**Task brief**
Exclude all pictures, then write out exactly the lines below from the first one through the line with "Etikety farebné 210x297mm".

**Information provided**
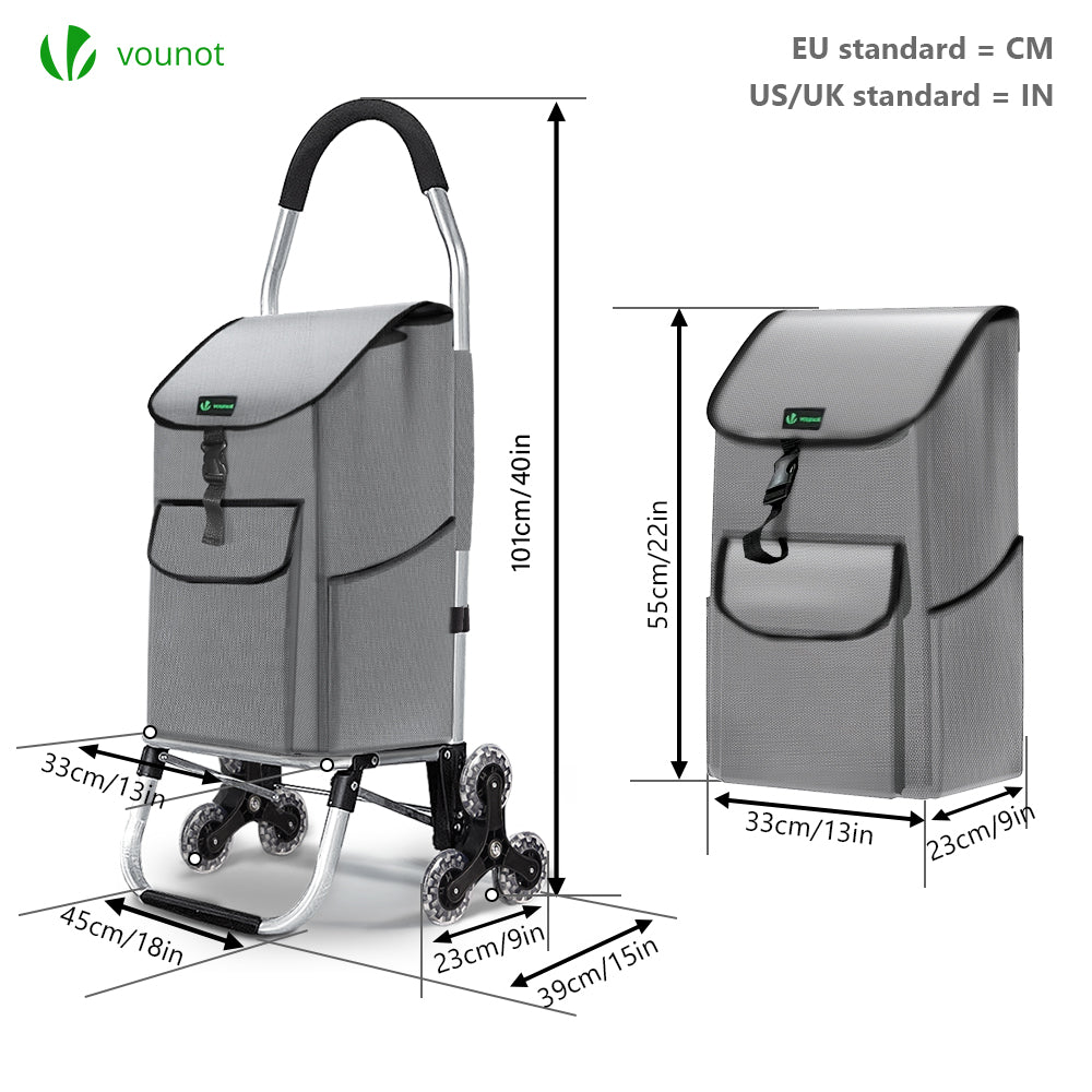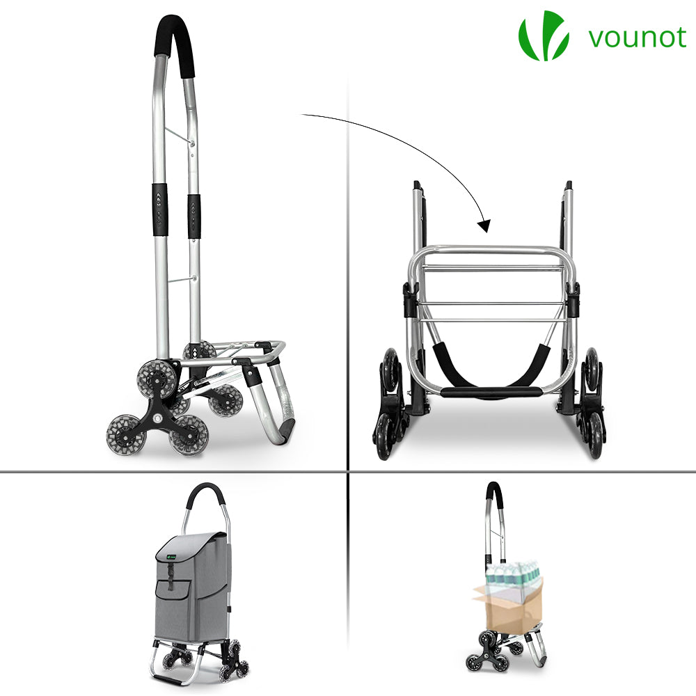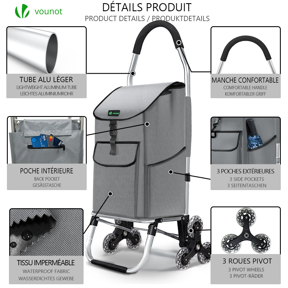 | Libellé | Chariot de courses pliable monte escalier aluminium gris VOUNOT - 6 roues, sac imperméable et léger |
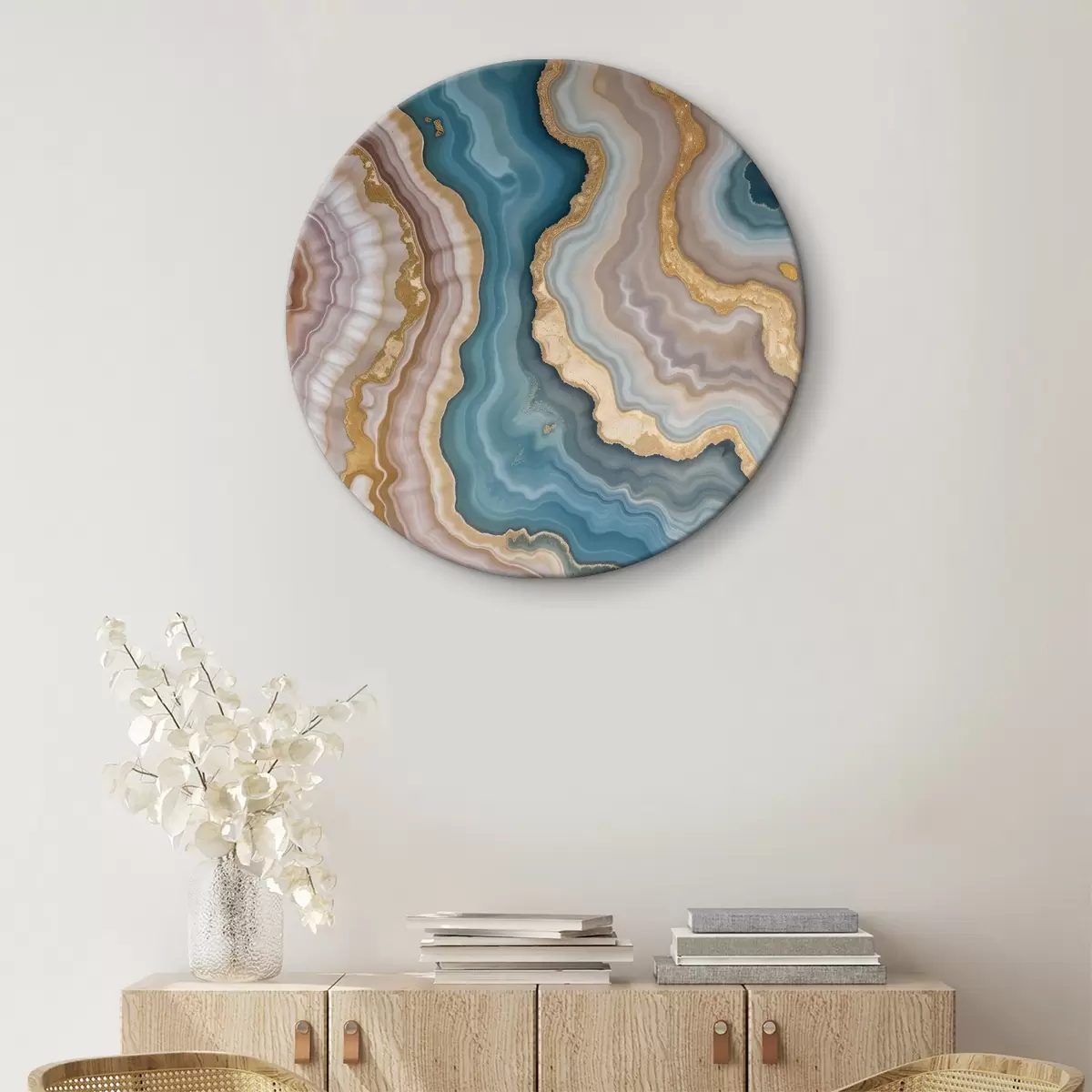 Obrázok Farebný abstraktný achátový kameň s vírivými vzormi a vrstvami tyrkysovej, béžovej, ružovej a žltej Nr r40540
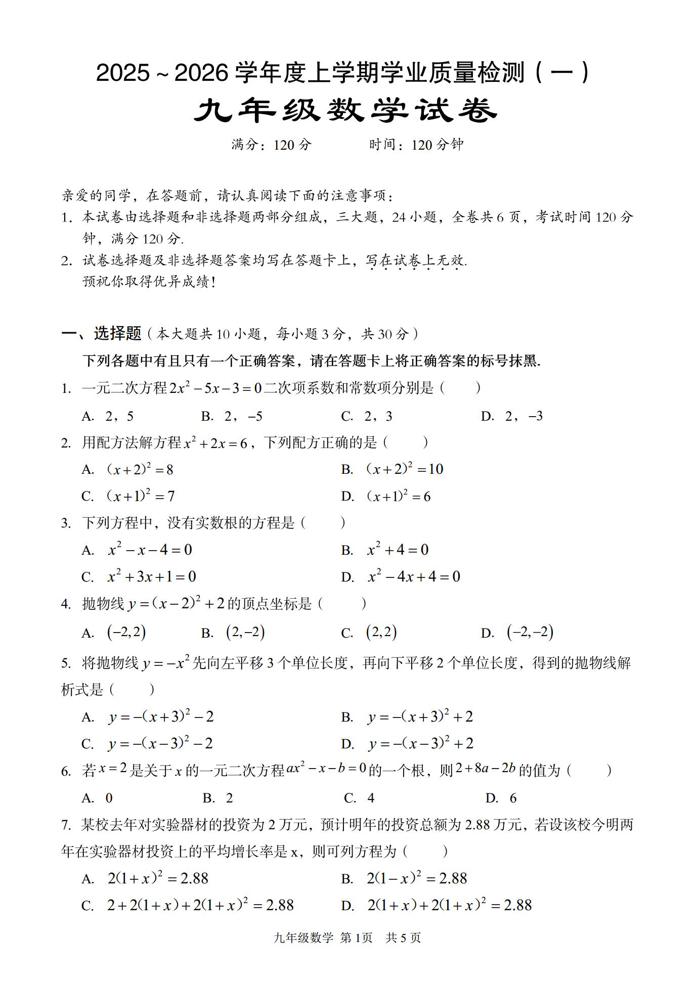 - 2 【免费】武昌区部分学校2025-2026学年上学期10月九年级数学试题(PDF版)
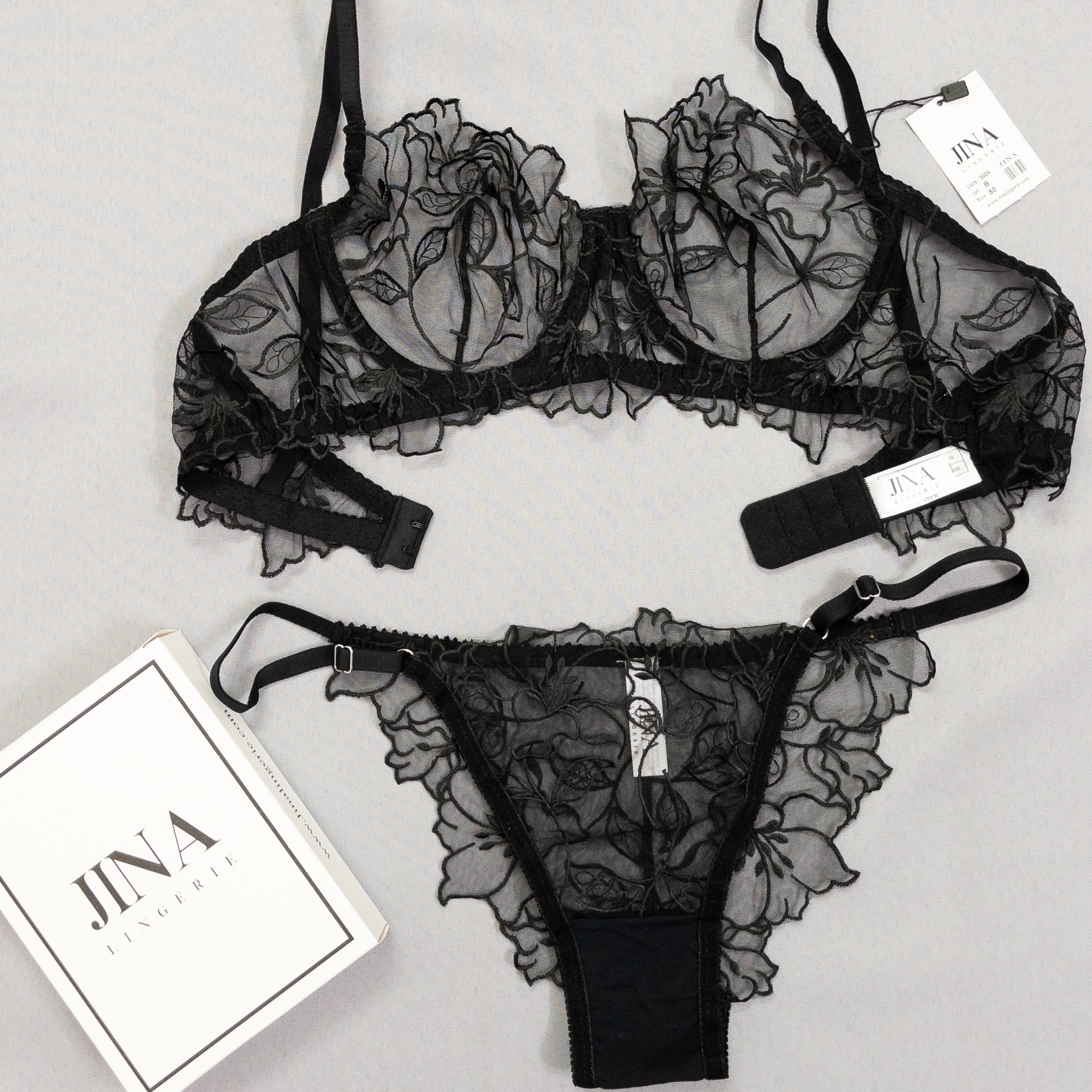 ست سوتین شورت ژانت مشکی از برند انوشه
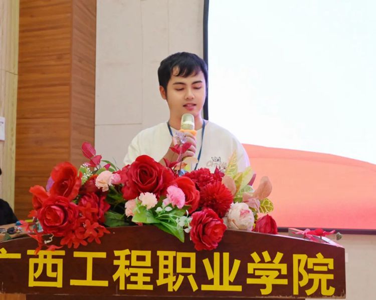 汽車與機(jī)電學(xué)院學(xué)生科科長(zhǎng)楊小櫻為獲得廣西工程職業(yè)學(xué)院2023年大學(xué)生朋輩心理輔導(dǎo)技能大賽心理知識(shí)競(jìng)賽三等獎(jiǎng)的代表頒獎(jiǎng)
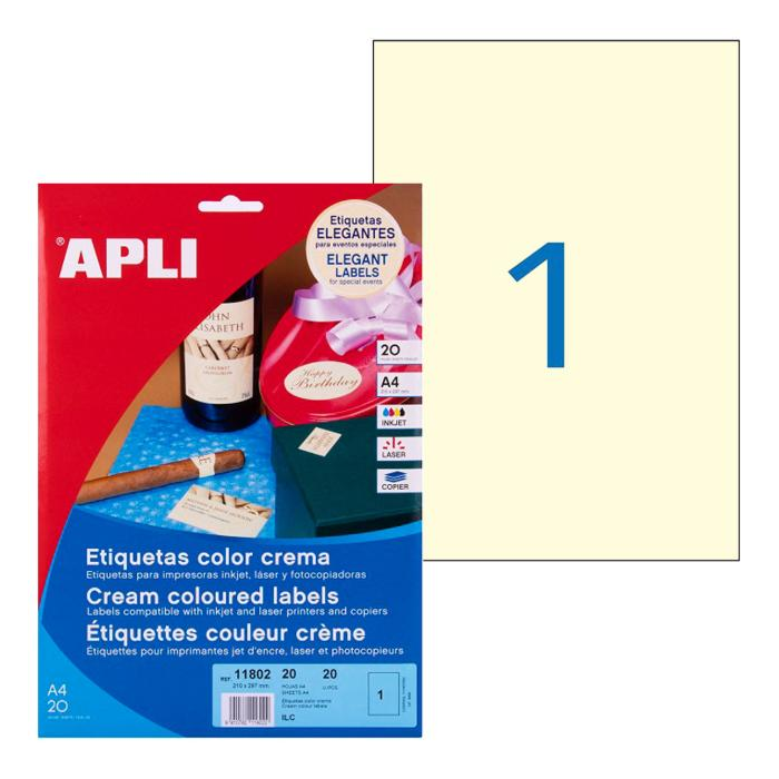 Etikety farebné 210x297mm APLI A4 20 hárkov krémové
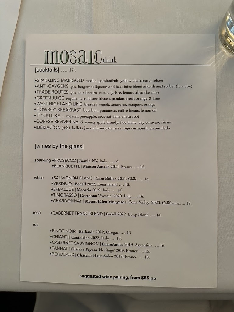 EatMOSAIC invites you to embrace each bite and sip as you embark on an extraordinary culinary adventure. Whether you're celebrating a special occasion or simply indulging in life’s pleasures, you owe it to yourself to experience the artistry that unfolds on each plate. Call +1 631-584-2058 to reserve your table and get ready for an evening where every detail has been crafted with love and skill.
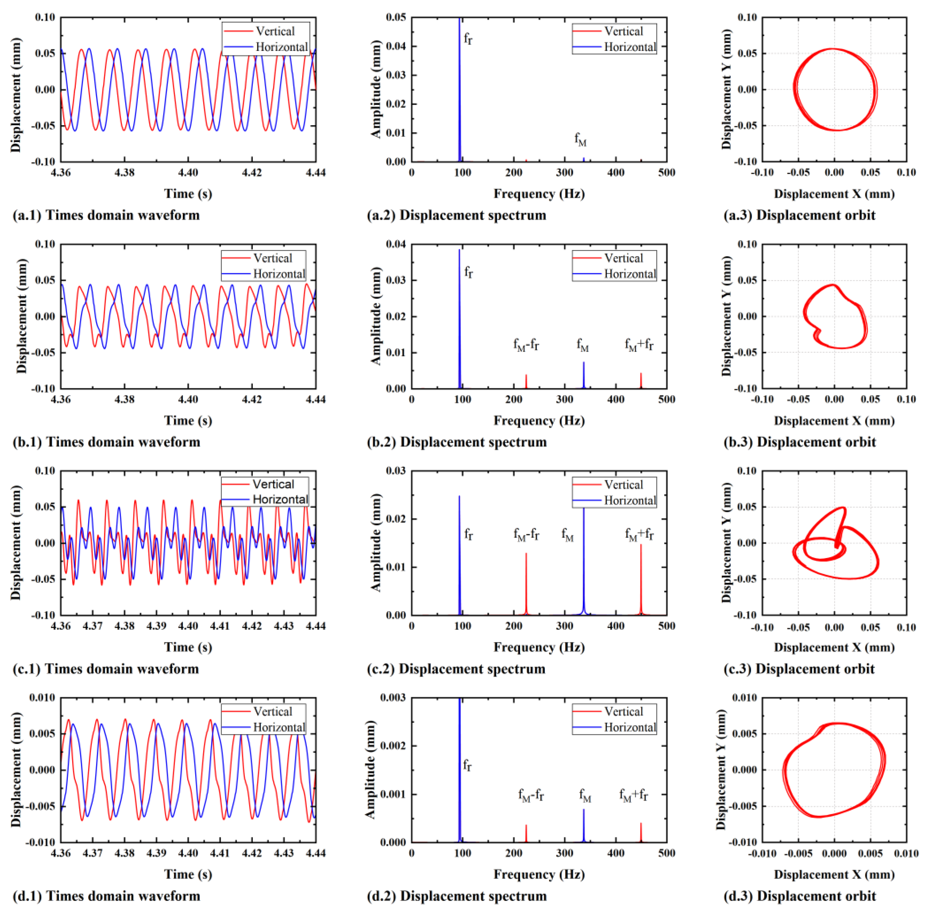 - Yang, Z.; Hong, J.; Wang, D.; Cheng, R.; Ma, Y. Vibration Analysis of Rotor Systems with Bearing Clearance Using a Novel Conformal Contact Model. Nonlinear Dyn. 2024, 112, 7951–7976. [Google Scholar] [CrossRef]
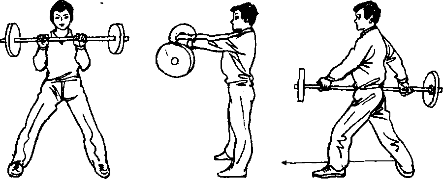 两手抓握石担,放置在体前,左弓步,侧身开立。(图n-L88)

**Result of this task**
 | Libellé | Chariot de courses pliable monte escalier aluminium gris VOUNOT - 6 roues, sac imperméable et léger |
 Obrázok Farebný abstraktný achátový kameň s vírivými vzormi a vrstvami tyrkysovej, béžovej, ružovej a žltej Nr r40540
 - 2 【免费】武昌区部分学校2025-2026学年上学期10月九年级数学试题(PDF版)
 ست سوتین شورت ژانت مشکی از برند انوشه
 汽車與機(jī)電學(xué)院學(xué)生科科長(zhǎng)楊小櫻為獲得廣西工程職業(yè)學(xué)院2023年大學(xué)生朋輩心理輔導(dǎo)技能大賽心理知識(shí)競(jìng)賽三等獎(jiǎng)的代表頒獎(jiǎng)
 Etikety farebné 210x297mm APLI A4 20 hárkov krémové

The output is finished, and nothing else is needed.